The AxiomSL FRTB solution supports the standardised approach calculations i.e. the Sensitivities Based Approach (SBA) (including the Delta Risk Charge, Vega Risk Charge and Curvature Risk Charge for all risk classes, for example General Interest Rate Risk and Credit Spread Risk), the Default Risk Charge (DRC) and the Residual Risk Add-On (RRAO). In addition, the solution enables the execution of IMA models written in R within the platform.
All of AxiomSL’s solutions are built on the same adaptable, high-performance platform. This gives clients the opportunity to reduce costs and complexity of compliance by using one platform to manage all requirements. AxiomSL’s solutions are fully supported and are upgraded to reflect rule and reporting template changes. The unparalleled transparency gives users the ability to drill down from the reports produced to the calculations and source data.

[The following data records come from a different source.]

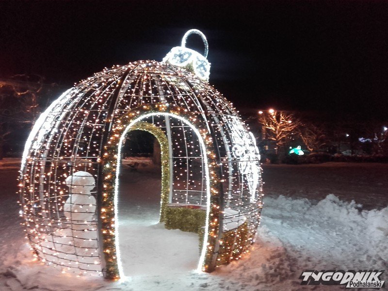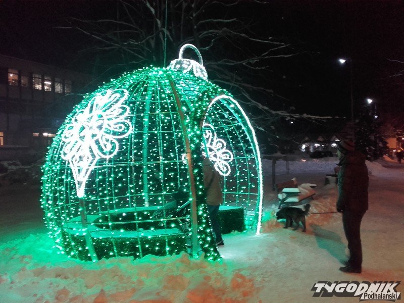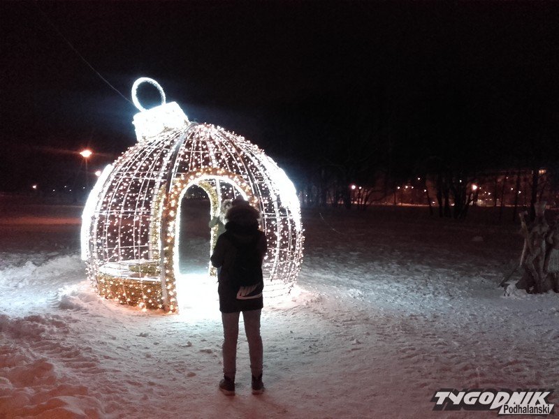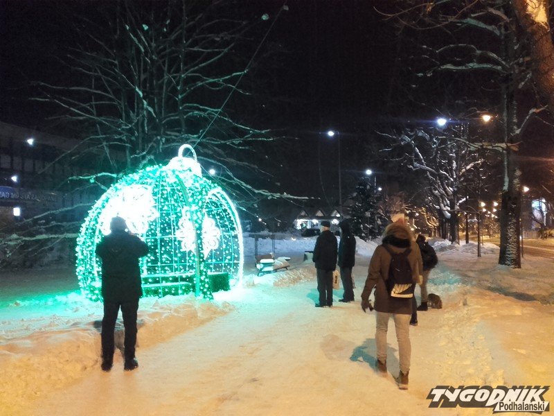 Ekipy techniczne jeżdżą po mieście i rozświetlają świąteczno-noworoczne ozdoby nad zakopiańskimi ulicami. W tym roku nie zabrakło nowości - do świecących aniołów, wielkiego górala dołączyły dwie świetliste bańki choinkowe. Jedna stoi przy ul. Kościuszki przed urzędem miasta, druga na Równi Krupowej przy napisie "Zakopane".
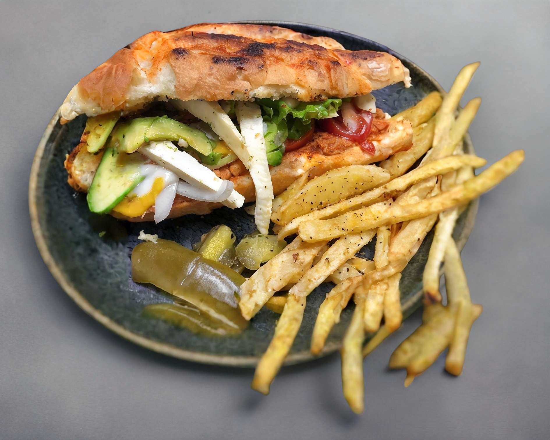 Bolillo, pierna, aguacate, panela, cebolla, jitomate, lechuga, crema, mostaza y captsu y chile jalapeño aparte(poner en comentarios si no quiere algún ingrediente)
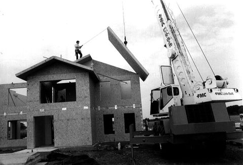 A number of companies are pursuing the idea of gluing several Stramit-type panels together, adding protective facings, and using the panels as structural insulated panels that can be used as the exterior envelope of buildings. In an attempt to restart production, Pyramod Industries has erected several prototype houses (see photo on page 16) using panels that have been stockpiled since their factory shut down in the 1980s.

AxiomSL is the leading global provider of regulatory reporting and risk management solutions for banks, asset managers and insurers. It empowers clients with the tools they need to manage their financial, risk and operational requirements, and to comply with regulatory calculation and disclosure mandates around the world.
FRTB Solution Diagram
Built in partnership with client
Drill down capability
Support for desk level calculations
Reporting capabilities – Internal and external to regulators
Not black box – users can view logic being applied
No fixed input format for data into the platform
Scalable and robust architecture to support high volumes
Tailored for jurisdictional variations of the rules
Ongoing monitoring of rule changes and provision of updates
For many banks, FRTB implementation will require major changes to the current market risk infrastructure and while there are quantitative challenges it is important to be aware that this also creates a fundamental data challenge. FRTB will require firms to consolidate data from a number of sources both internal and external, including pricing and analytics, position and transactional data from trading or back-office systems alongside model outputs from risk engines. With so many data attributes and data sets to be managed, the depth and volume of data required – both firm-wide and at individual desk-level – is vast. It is essential that banks have a sufficiently scalable architecture in place to store this data and, additionally, a flexible data model that is able to adequately map relationships between datasets. As FRTB has a direct impact on business, getting data management right will result in a multitude of more tangible benefits.
Regardless of whether they currently use the standardised or internal models approach (IMA), banks will need to review their portfolios to determine if existing classifications of desks as trading or banking book are still applicable under the new trading book definitions or whether a revision of desk structure is required.
For banks choosing to apply the standardised approach, existing data feeds will need to be significantly amended and calculators replaced. The data required for the new calculations is more onerous than in the past, with the need to calculate deltas and vegas for prescribed risk factors and also the requirement to run both downward and upward shock stress scenarios in order to provide the data required as inputs into the standardised calculations.
For banks selecting to use IMA, models will need to be run at a desk level for the first time and both backtesting and P&L attribution tests must be implemented and then performed and passed regularly. Even if banks opt for the IMA, they will still need to implement the standardised approach for desks not gaining approval or for desks which fail the tests and are forced to switch from IMA to the standardised approach.